■ **EXERCISE REQUIREMENTS**
Could every line below be transcribed exactly, with the pictures dropped?

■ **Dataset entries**
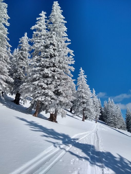 Bei leichtem Schneefall zuerst auf den Heidenkopf. Abfahrt bis zum "Abzweig"zum Sipplingerkopf. Schön zu fahren, allerdings Augen auf, z.Z. liegt an manchen Stellen nur der Neuschnee. Aufstieg zum Sipplinger, Abfahrt über den Nordhang bis zur Sipplingeralpe. Super Verhältnisse, auch hier auf die Schneelage achten. Aufstieg Heidenkopf, Abfahrt nach Balderschwang. Ganz unten entsteht durch die Sonne schon ein Deckel und es soweit schon wieder aus.
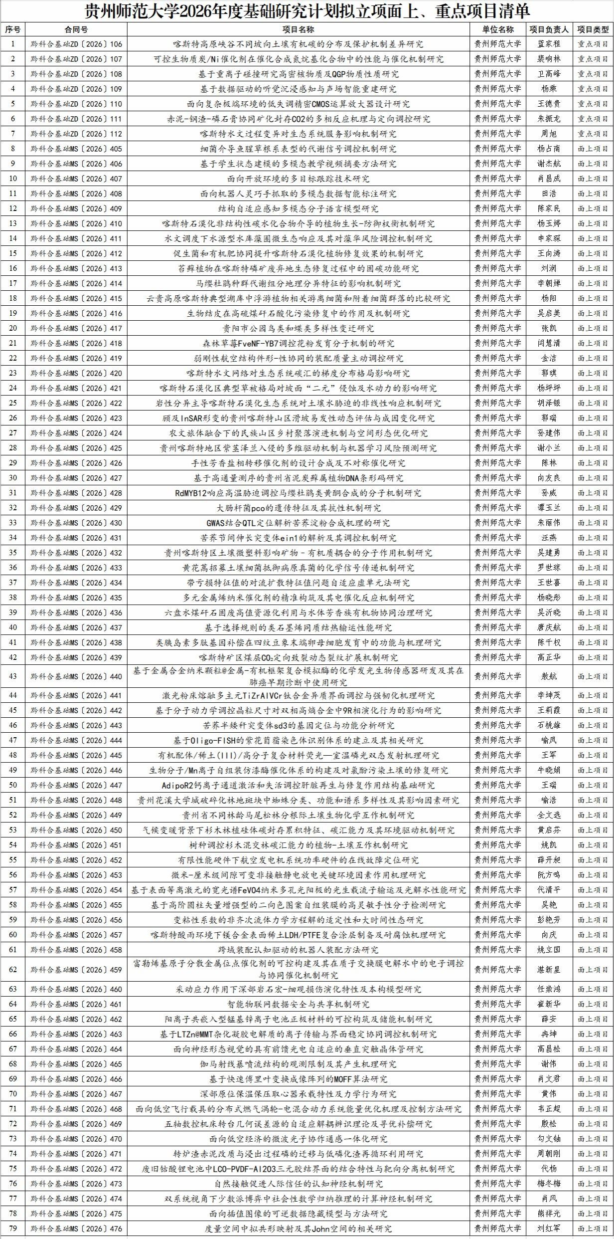 近日,贵州省科技厅公布《2026年度贵州省基础研究计划(自然科学)面上项目和重点项目拟立项项目名单》,我校共获批79项(其中,面上项目72项,重点项目7项),刷新我校贵州省基础研究计划(自然科学)项目立项历史最好成绩,充分彰显了我校基础研究能力与科研创新水平的持续提升,是学校高度重视基础研究、大力培育科研团队、不断优化科研生态的重要成果。
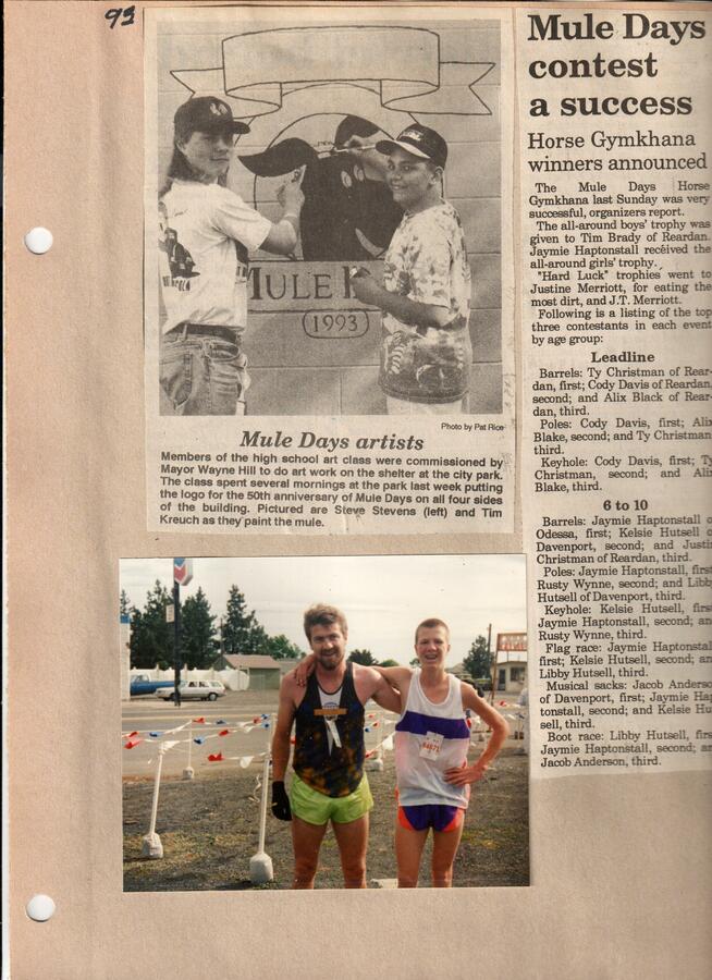 This page is from a scrapbook held by the Reardan Memorial Library about the Reardan Mule Days.
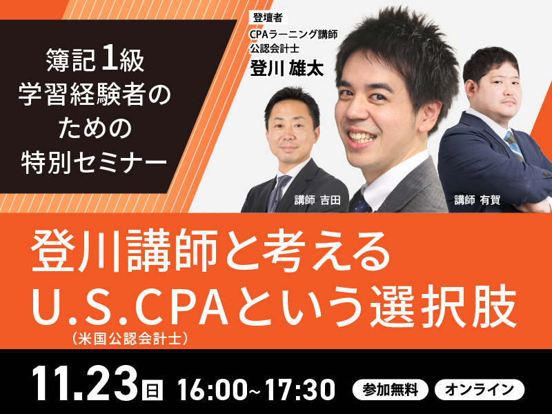 | 対象者 | U.S.CPAの資格に興味のある簿記1級学習中の方、および取得者 |
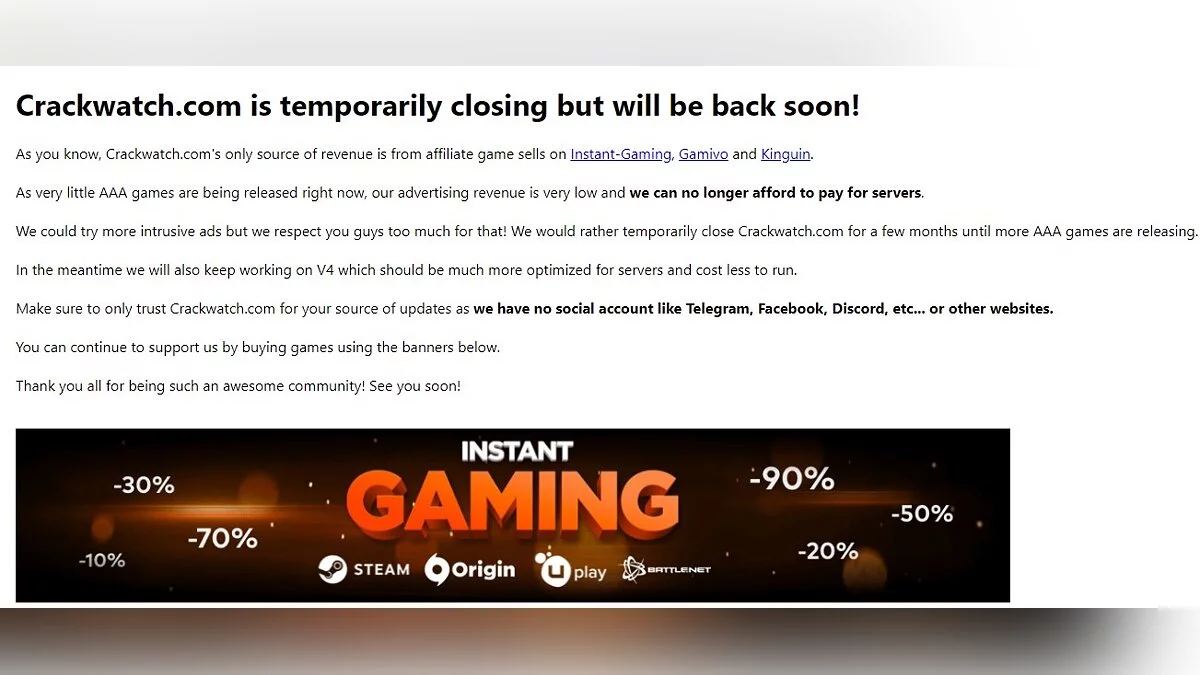 Владельцы Crackwatch попросили пользователей покупать игры у магазинов-партнёров, что может в будущем решить проблему.

■ **RESPONSE**
 Bei leichtem Schneefall zuerst auf den Heidenkopf. Abfahrt bis zum "Abzweig"zum Sipplingerkopf. Schön zu fahren, allerdings Augen auf, z.Z. liegt an manchen Stellen nur der Neuschnee. Aufstieg zum Sipplinger, Abfahrt über den Nordhang bis zur Sipplingeralpe. Super Verhältnisse, auch hier auf die Schneelage achten. Aufstieg Heidenkopf, Abfahrt nach Balderschwang. Ganz unten entsteht durch die Sonne schon ein Deckel und es soweit schon wieder aus.
 近日,贵州省科技厅公布《2026年度贵州省基础研究计划(自然科学)面上项目和重点项目拟立项项目名单》,我校共获批79项(其中,面上项目72项,重点项目7项),刷新我校贵州省基础研究计划(自然科学)项目立项历史最好成绩,充分彰显了我校基础研究能力与科研创新水平的持续提升,是学校高度重视基础研究、大力培育科研团队、不断优化科研生态的重要成果。
 This page is from a scrapbook held by the Reardan Memorial Library about the Reardan Mule Days.
 | 対象者 | U.S.CPAの資格に興味のある簿記1級学習中の方、および取得者 |
 Владельцы Crackwatch попросили пользователей покупать игры у магазинов-партнёров, что может в будущем решить проблему.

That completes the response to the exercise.